I have two pairs of clowns (1 pr true percs & 1 pr of ocellaris). They're in separate tanks now (percs in a 29 hex and the ocellaris in a 20g), the ocellaris are the pair that breed like rabbits. Anyway, we're setting up a 90 gal reef tank and wondered if we'd be able to put both pairs of clowns in the one tank? The percs are hosting a sarcophyton, the ocellaris are hosting a frogspawn (with daily visits to the duncan). The only other fish we have is a jevenile yellow coris wrasse and a fire fish. What are you collective thoughts on putting the whole kit & kaboodle in the one 90gal tank?


----------



## fkshiu (Apr 22, 2010)

You might be able to get away with the two pairs in a 90 gallon. Provided they set up the territories on opposite ends. Clowns, like all damselfish, are extremely protective of their turf. It's best to introduce both pairs at once so one pair doesn't have time to take the whole tank as their own.


----------



## skabooya (Jun 15, 2010)

as said by fkshiu it may be possible. Ive read of people keeping 3 pairs in a 100 gal tank but its rare.


----------



## SeaHorse_Fanatic (Apr 22, 2010)

It's really hit or miss. IF the anemones or corals each pair hosts is on opposite ends of the tank, that will give you a better chance.


----------



## effox (Apr 21, 2010)

I was at Roger's and asked the same question yesterday actually. Hit or miss as SeaHorse Fanatic put it, it will depend solely on the pairs in question.

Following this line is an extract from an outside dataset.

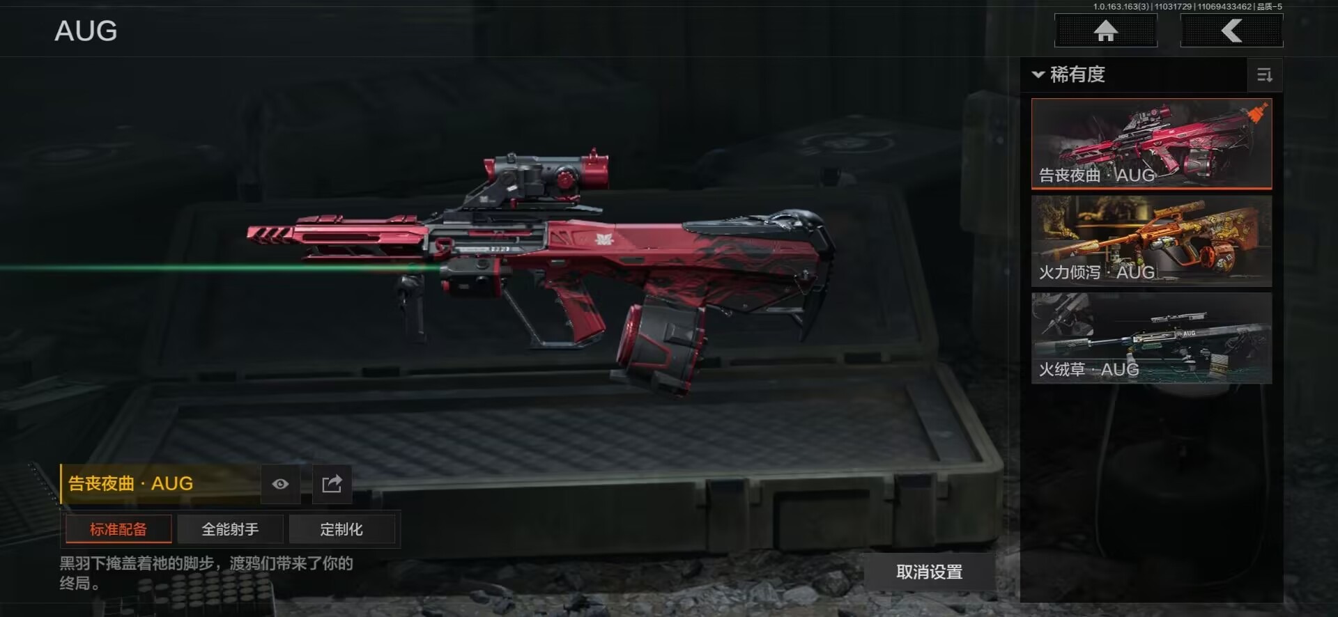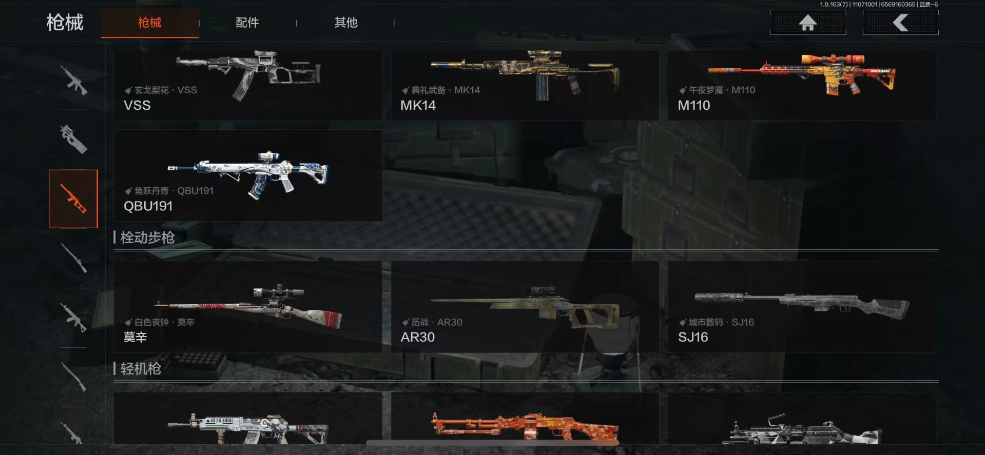 【金色枪皮】:旗帜·AEK,棱光裂变·QBU191,告丧夜曲·AUG,浮鳞影青·QBZ192,旧王圣谕·QBZ191,竞技·FAL,骑士之剑·VSS,蓝色咆哮·H416,冬夜·AK12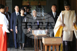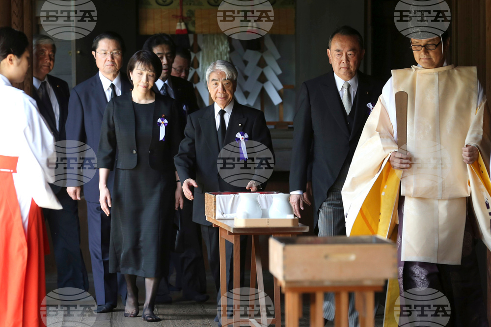FILE - Japanese lawmakers, including Sanae Takaichi, center left, visit the Yasukuni Shrine to pay respect to the war dead on the day of the 69th anniversary of the end of the World War II, in Tokyo, on Aug. 15, 2014. (AP Photo/Koji Sasahara, File)

I just don't see good coming of it if they're heavy breeders, they'll be overly protective of their tank space.


----------



## Barrie (Apr 22, 2010)

effox said:


> I just don't see good coming of it if they're heavy breeders, they'll be overly protective of their tank space.


This is my concern - the percs haven't bred yet at all, just love up their sacophyton day and night, the ocellaris on the other hand are breeding machines. They spawn so regularly you could almost set your clock to it. They're in a 20g nano and have both ended up on the floor at different times from attaching hubby when he's doing tank maintenance (not to mention the chunks of flesh they've torn from his hands upon occasion!). We might have to rethink the tear down of both systems and combining. Rats!!!!


----------



## Rogue9 (Apr 21, 2010)

I have 2 diff pairs of tank mates (as in bought 2 from one tank many years ago, bought another pair recently) in a 40 gallon breeder.
They all get along fine and will randomly host different corals. Sometimes the BTA, the mushroom, or usually cause I have a massive colony of xenia in a corner all 4 hide in there.
No fighting or anything. and they seem to keep to the original pairs that I bought them in.
never had any breeding though which is why I bought the 2nd pair to see if variety would help.


----------